Sunday, March 06, 2011

Being Human (3)

One of the key points about Barth's Christological anthropology, as I understand it, is that the Christ who stands at the centre of it is the real Jesus of Nazareth, as witnessed in the Scriptures.  Anthropology is not shaped around a centre defined by a logical or aesthetically appealing idea, whether that of the ideal human or that of incarnation.  It is based around a person, and when we say a person we mean an event - a history, a happening. General anthropology is the periphery to which the life, death, and resurrection of Jesus Christ form the centre.

One of the huge implications of this is that it is impossible that human beings should fail to be human.

Everything we know about the world and the people who inhabit it militates against this conclusion.  In fact, we have already seen that the phenomena of human life exhibited all around us speak just as strongly of inhumanity as humanity.  If we constructed our anthropology on the basis of experience, we would probably say that people could choose: they could affirm or deny their own humanity.  In one sense we would be right.
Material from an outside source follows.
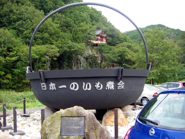 会場には日本一の芋煮会で使われた初代の鍋が飾られています。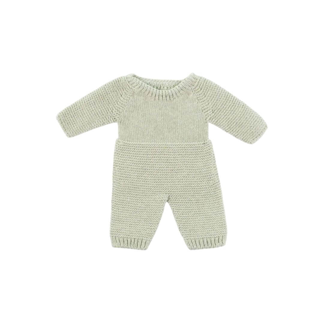 For best chance of delivery by December 24th, order this item by December 16th with Standard Shipping.These cozy Sage Green Knit Doll Pajamas are perfectly sized for 12" Miniland Dolls and bring warmth and charm to any doll wardrobe. Made in Spain from recycled materials, they’re part of Miniland’s sustainable knitwear collection, designed in soft, earthy tones with a handcrafted look.

We can affirm or deny our humanity.  I can choose to live as someone who stands before God and my fellow man, or I can try not to.  I can seek to escape God, either by atheism or religion, and my fellow man, either by solitude or shallow relationships.  It is the great tragedy of sin, from the human point of view, that it tends towards the dehumanising of human beings.  It attempts to mask what and who we are.

But the event of Jesus Christ is and means 'God with us'.  And it means 'he will save his people from their sins'.  The presence of Jesus Christ - and especially the resurrection - means that humanity is not abandoned, just as Jesus is not abandoned to corruption.  God affirms his creation, and upholds it against its own wilful fall and senseless drive to be nothing.

There is no single human being who can erase what Jesus Christ has done.  There is therefore no single human being who can be really without God, or really without the fellow man, because Jesus Christ is both.  All my attempted inhumanity cannot unmake me.  The mask of evil which I choose to wear - and in so far as it lies with me, I will this mask to be my reality - is in fact not chosen for me, because Jesus Christ is with me as a human being and as my God, and I am upheld.

But how much worse this makes it!  Every sin is against my own humanity, against the grace of God, against Jesus Christ.  And every sin is an impossible attempt to be nothing when God has made me something.  My sin may take me to the fire of hell, but it will not make me less than a person who stands before and with God and my fellow man.  And that is a terrifying thought.